## Assignment
Copy nothing but the lines from the opening of the entries through the line that contains "豚肉とじゃがいもの煮もの、オクラの梅風味、ツナっ葉いため、ごはん、牛乳", exactly as written. Drop the pictures.

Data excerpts
◆ ◆ ◆ ◆ ◆

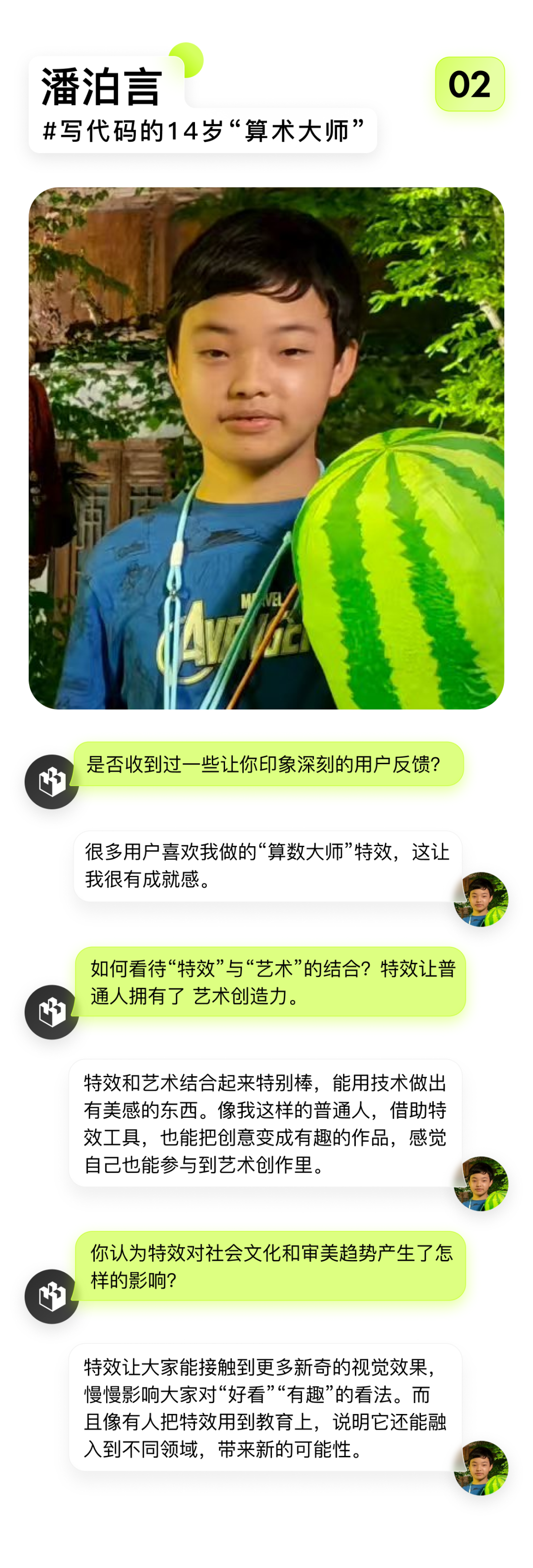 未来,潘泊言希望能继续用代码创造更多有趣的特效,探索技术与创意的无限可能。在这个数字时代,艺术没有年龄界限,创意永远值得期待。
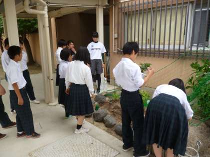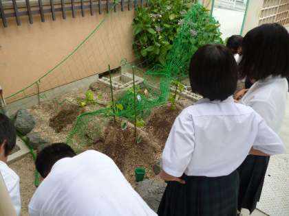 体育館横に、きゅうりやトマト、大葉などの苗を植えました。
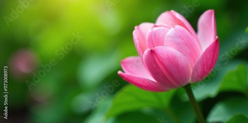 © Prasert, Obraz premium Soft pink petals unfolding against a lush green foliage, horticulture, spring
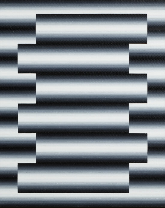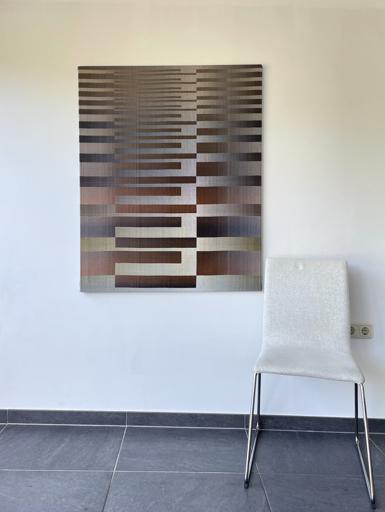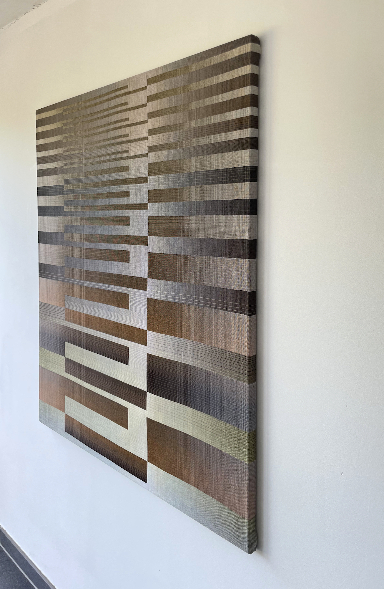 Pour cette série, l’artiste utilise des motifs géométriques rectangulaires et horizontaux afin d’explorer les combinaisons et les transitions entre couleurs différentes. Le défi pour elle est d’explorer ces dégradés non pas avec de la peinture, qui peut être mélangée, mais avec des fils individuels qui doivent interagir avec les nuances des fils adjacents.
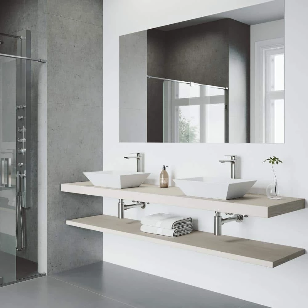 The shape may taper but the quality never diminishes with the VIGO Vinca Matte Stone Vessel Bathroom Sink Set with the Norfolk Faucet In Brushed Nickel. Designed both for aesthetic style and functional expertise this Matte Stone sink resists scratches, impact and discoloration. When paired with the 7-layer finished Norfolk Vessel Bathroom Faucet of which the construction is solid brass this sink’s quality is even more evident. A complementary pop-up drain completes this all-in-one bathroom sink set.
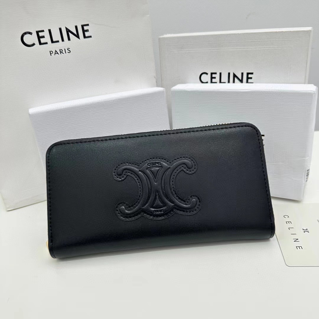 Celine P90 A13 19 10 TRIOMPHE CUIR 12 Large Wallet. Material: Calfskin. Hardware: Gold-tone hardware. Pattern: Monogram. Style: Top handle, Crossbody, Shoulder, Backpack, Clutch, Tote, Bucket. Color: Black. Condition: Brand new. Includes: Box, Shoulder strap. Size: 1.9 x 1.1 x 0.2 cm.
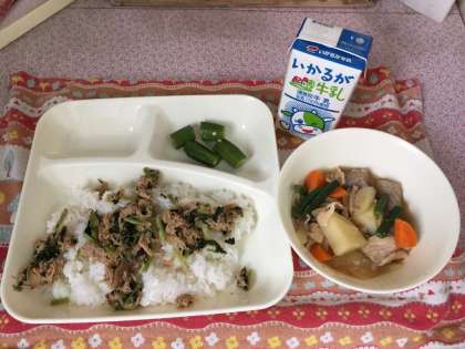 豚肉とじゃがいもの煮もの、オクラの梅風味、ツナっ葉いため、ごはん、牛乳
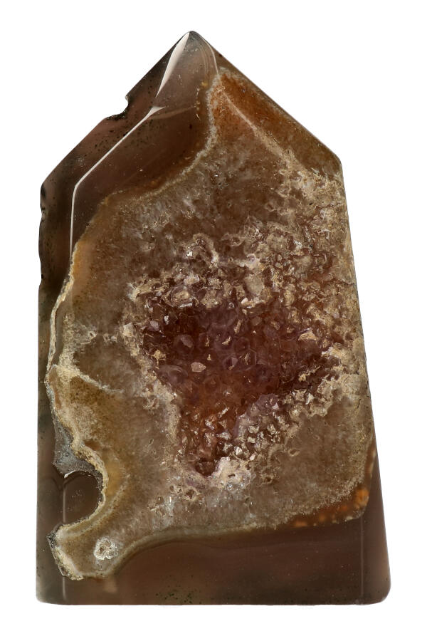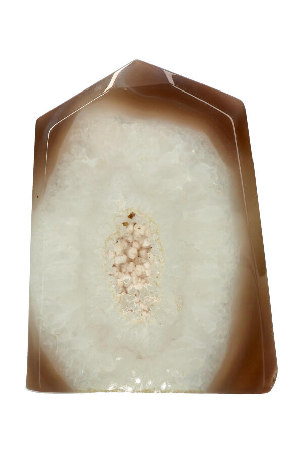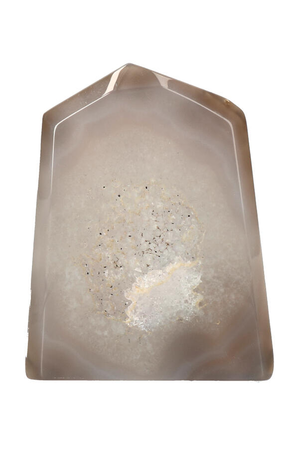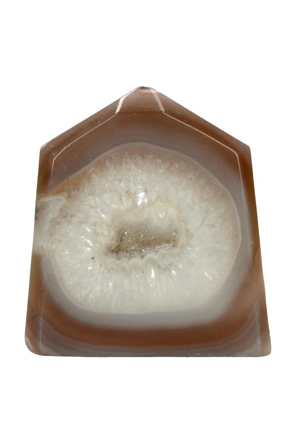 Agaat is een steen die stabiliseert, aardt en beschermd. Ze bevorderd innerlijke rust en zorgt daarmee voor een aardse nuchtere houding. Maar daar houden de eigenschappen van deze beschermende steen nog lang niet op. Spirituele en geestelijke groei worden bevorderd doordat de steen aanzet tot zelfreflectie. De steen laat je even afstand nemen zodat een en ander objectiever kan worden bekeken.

◆ ◆ ◆ ◆ ◆

## Reply
 未来,潘泊言希望能继续用代码创造更多有趣的特效,探索技术与创意的无限可能。在这个数字时代,艺术没有年龄界限,创意永远值得期待。
 体育館横に、きゅうりやトマト、大葉などの苗を植えました。
 © Prasert, Obraz premium Soft pink petals unfolding against a lush green foliage, horticulture, spring
 Pour cette série, l’artiste utilise des motifs géométriques rectangulaires et horizontaux afin d’explorer les combinaisons et les transitions entre couleurs différentes. Le défi pour elle est d’explorer ces dégradés non pas avec de la peinture, qui peut être mélangée, mais avec des fils individuels qui doivent interagir avec les nuances des fils adjacents.
 The shape may taper but the quality never diminishes with the VIGO Vinca Matte Stone Vessel Bathroom Sink Set with the Norfolk Faucet In Brushed Nickel. Designed both for aesthetic style and functional expertise this Matte Stone sink resists scratches, impact and discoloration. When paired with the 7-layer finished Norfolk Vessel Bathroom Faucet of which the construction is solid brass this sink’s quality is even more evident. A complementary pop-up drain completes this all-in-one bathroom sink set.
 Celine P90 A13 19 10 TRIOMPHE CUIR 12 Large Wallet. Material: Calfskin. Hardware: Gold-tone hardware. Pattern: Monogram. Style: Top handle, Crossbody, Shoulder, Backpack, Clutch, Tote, Bucket. Color: Black. Condition: Brand new. Includes: Box, Shoulder strap. Size: 1.9 x 1.1 x 0.2 cm.
 豚肉とじゃがいもの煮もの、オクラの梅風味、ツナっ葉いため、ごはん、牛乳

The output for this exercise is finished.